• _Information shown_:
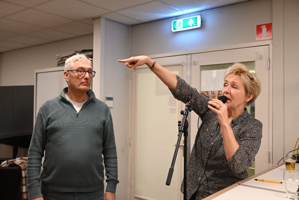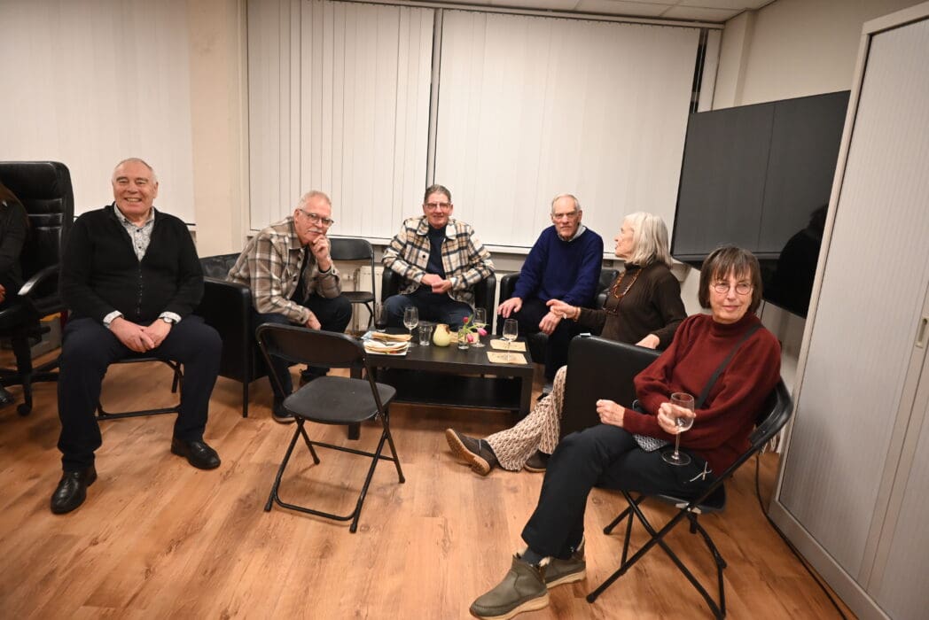Het werd even passen en meten, want de hele ruimte is gevuld met pilaren en probeer daar maar eens ongeveer honderd mensen zichtbaar tussen te persen.
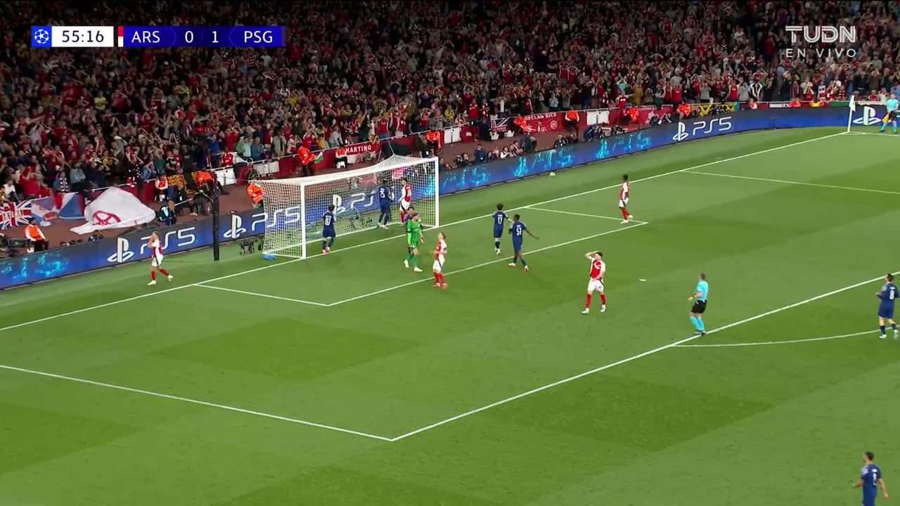 Tiro atajado raso al centro del arco. Leandro Trossard (Arsenal) zurdazo desde el lado izquierdo dentro del área. Asistencia de Declan Rice.
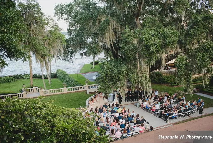 A vintage riverfront retreat, The Club Continental in Orange Park sets romance beneath 300-year-old oaks draped in Spanish moss. Ceremonies overlook the St. Johns River; cocktails unfold on garden patios beside the pool and cabana; then dining and dancing shimmer beneath wrought iron, marble floors, and French doors. With overnight accommodations and private-club ambiance, it’s a timeless setting for destination-style weekends close to home.

• _Task objective_: Leaving every picture aside, transcribe exactly the lines from the one that contains "Tiro atajado raso" through the final line of the listing above, inclusive.

• _Result for this exercise_:
 Tiro atajado raso al centro del arco. Leandro Trossard (Arsenal) zurdazo desde el lado izquierdo dentro del área. Asistencia de Declan Rice.
 A vintage riverfront retreat, The Club Continental in Orange Park sets romance beneath 300-year-old oaks draped in Spanish moss. Ceremonies overlook the St. Johns River; cocktails unfold on garden patios beside the pool and cabana; then dining and dancing shimmer beneath wrought iron, marble floors, and French doors. With overnight accommodations and private-club ambiance, it’s a timeless setting for destination-style weekends close to home.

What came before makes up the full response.